Für das Verkaufslokal gibt es einen „Putzplan“, der die tägliche Reinigung nach Bedarf vorsieht. Die Mitarbeiter der Beklagten sind aber auch angewiesen, ständig die Sauberkeit des Bodens zu kontrollieren, während sie andere Arbeiten im Geschäft ausführen. Verunreinigungen sollten sofort bei Erkennen vom jeweiligen Mitarbeiter entfernt werden. Für die Kontrolle der Sauberkeit des Bodens ist die Filialleiterin zuständig; diese wird wiederum vom Regionalverkaufsleiter überprüft. Kontrollen, die lediglich der Überprüfung der Sauberkeit des Bodens dienen, sind im Betrieb der Beklagten nicht vorgesehen. Eigenes Putzpersonal für das Verkaufslokal gibt es nicht. Am Unfalltag waren in der Filiale die Mitarbeiterinnen P***** (Hauptkasse) und S***** zum Kassieren eingeteilt. Die Mitarbeiterin D***** war nach Bedarf für die Kassatätigkeit eingeteilt. Zusätzlich war die Filialleiterin anwesend. Laut Putzplan sollte die Mitarbeiterin S***** am Unfalltag die Reinigungsmaschine bedienen, sofern sie Zeit hat. Ansonsten wurde je nach Verfügbarkeit ein anderer Mitarbeiter bestimmt, die Reinigungsmaschine zu bedienen. Zum Unfallzeitpunkt verrichtete die Mitarbeiterin S***** gerade Kassatätigkeit. Die Mitarbeiterin D***** war mit Reinigungsarbeiten unter Einsatz der Putzmaschine an dem der Unfallstelle gegenüberliegenden Gang beschäftigt; die Filialleiterin nahm elektronische Bestellungen vor.

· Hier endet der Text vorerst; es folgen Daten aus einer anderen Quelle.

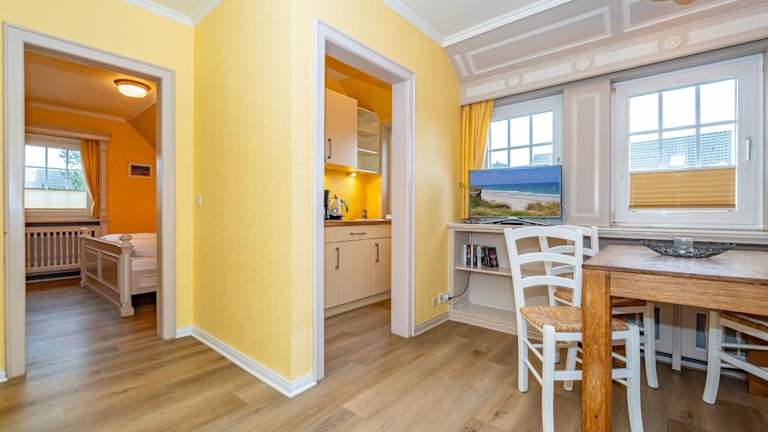 Die Apartments im Priel-Hüs sind geräumig und bieten Ihnen viel Platz zum Entspannen. Sie sind gemütlich eingerichtet und verfügen über ein klassisches Interieur. Bettwäsche und Handtücher können gegen Aufpreis zur Verfügung gestellt werden. Die Apartments sind mit einer voll ausgestatteten Küche ausgestattet, die über einen Geschirrspüler und eine Kaffeemaschine verfügt.

Das Verkaufslokal war im Frühjahr 2004 errichtet worden. Der Boden besteht aus rund 20 cm x 20 cm großen Fliesenplatten. In der Bau‑ und Betriebsstättenbewilligung 2003/2004 war für die Rutschhemmung keine konkrete behördliche Anforderung angegeben. Im Zeitpunkt deren Einbaus im Jahr 2004 war die Eignung der Fliesen gegeben. Sie entsprachen der Klasse „R 9“, sodass hinsichtlich ihrer Rutschhemmung der damalige Stand der Technik eingehalten war. Zum Zeitpunkt der Untersuchung durch den gerichtlichen Sachverständigen im August 2013 wiesen die an der Unfallstelle verlegten Fliesen die ursprünglich vorhandenen Gleit‑ und Rutschwerte nicht mehr auf. Bei Wasserlackenbildung und Ähnlichem besteht erhöhte Rutschgefahr, wobei die Nutzungssicherheit für diesen Fall (zum Zeitpunkt August 2013) nicht mehr gewährleistet war. Wie der exakte Zustand der Fliesen im Unfallzeitpunkt (im Februar 2012) beschaffen war, ist nicht mehr feststellbar. Bodenbeläge haben eine gewöhnliche Nutzungsdauer von 15 bis 35 Jahren.
Rechtlich beurteilte das Erstgericht diesen Sachverhalt dahingehend, eine jährliche Überprüfung der Rutschfestigkeit der ursprünglich dem Stand der Technik entsprechenden Fliesen würde die Sorgfaltspflicht der Beklagten überspannen, weil eine solche Überprüfung mit einem erheblichen technischen Aufwand verbunden wäre. Anders verhalte es sich aber mit dem Vorhandensein der Lacke. Wie lange diese vor dem Unfall bereits bestanden habe, habe nicht festgestellt werden können. Die Pflicht, die Anlage im gefahrlosen Zustand zu halten, bedeute, dass regelmäßige Kontrollen stattzufinden haben. Der Reinigungsplan der Beklagten sehe aber keine regelmäßigen Kontrollen vor, sondern halte die Mitarbeiter lediglich an, im Zuge anderer Arbeiten auch auf die Sauberkeit zu achten. Wenn in Zeiten hoher Kundenfrequenz die Mehrheit der Mitarbeiter mit dem Kassieren beschäftigt sei und nicht Arbeiten in den Gängen des Verkaufslokals durchführe, entstünden Kontrolllücken. Der Beklagten sei der Beweis, dass sie am Vorhandensein der unfallskausalen Lacke kein Verschulden treffe, demnach nicht gelungen. Da der Kläger, wenn er „vor seine Füße“ geschaut hätte, die Lacke wahrnehmen hätte können, treffe ihn ein Mitverschulden von einem Drittel.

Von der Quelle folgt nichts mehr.